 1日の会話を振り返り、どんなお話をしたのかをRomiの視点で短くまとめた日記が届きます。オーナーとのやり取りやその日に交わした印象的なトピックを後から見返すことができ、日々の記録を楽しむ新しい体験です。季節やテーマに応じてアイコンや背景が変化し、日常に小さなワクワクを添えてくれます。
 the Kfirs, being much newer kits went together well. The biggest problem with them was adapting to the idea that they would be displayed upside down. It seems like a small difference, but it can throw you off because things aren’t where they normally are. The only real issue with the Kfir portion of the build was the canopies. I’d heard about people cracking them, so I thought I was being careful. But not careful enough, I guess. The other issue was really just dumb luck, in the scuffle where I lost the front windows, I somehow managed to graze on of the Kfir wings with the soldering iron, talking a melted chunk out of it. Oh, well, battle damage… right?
--------
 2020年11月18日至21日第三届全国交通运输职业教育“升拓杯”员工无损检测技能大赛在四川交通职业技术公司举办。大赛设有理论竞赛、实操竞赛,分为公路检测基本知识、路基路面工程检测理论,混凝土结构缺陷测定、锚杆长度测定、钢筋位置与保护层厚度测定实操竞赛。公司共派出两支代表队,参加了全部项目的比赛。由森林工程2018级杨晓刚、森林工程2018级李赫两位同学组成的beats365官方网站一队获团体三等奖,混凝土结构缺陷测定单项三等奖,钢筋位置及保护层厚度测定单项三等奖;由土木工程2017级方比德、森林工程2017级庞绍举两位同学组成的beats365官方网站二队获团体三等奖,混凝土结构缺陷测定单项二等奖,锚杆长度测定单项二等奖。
--------
- [What to do] Out of the material above, output word for word the line with "1日の会話を振り返り、どんな", the line with "the Kfirs, being", and all lines between them, with nothing else.

- [Solution below]
 1日の会話を振り返り、どんなお話をしたのかをRomiの視点で短くまとめた日記が届きます。オーナーとのやり取りやその日に交わした印象的なトピックを後から見返すことができ、日々の記録を楽しむ新しい体験です。季節やテーマに応じてアイコンや背景が変化し、日常に小さなワクワクを添えてくれます。
 the Kfirs, being much newer kits went together well. The biggest problem with them was adapting to the idea that they would be displayed upside down. It seems like a small difference, but it can throw you off because things aren’t where they normally are. The only real issue with the Kfir portion of the build was the canopies. I’d heard about people cracking them, so I thought I was being careful. But not careful enough, I guess. The other issue was really just dumb luck, in the scuffle where I lost the front windows, I somehow managed to graze on of the Kfir wings with the soldering iron, talking a melted chunk out of it. Oh, well, battle damage… right?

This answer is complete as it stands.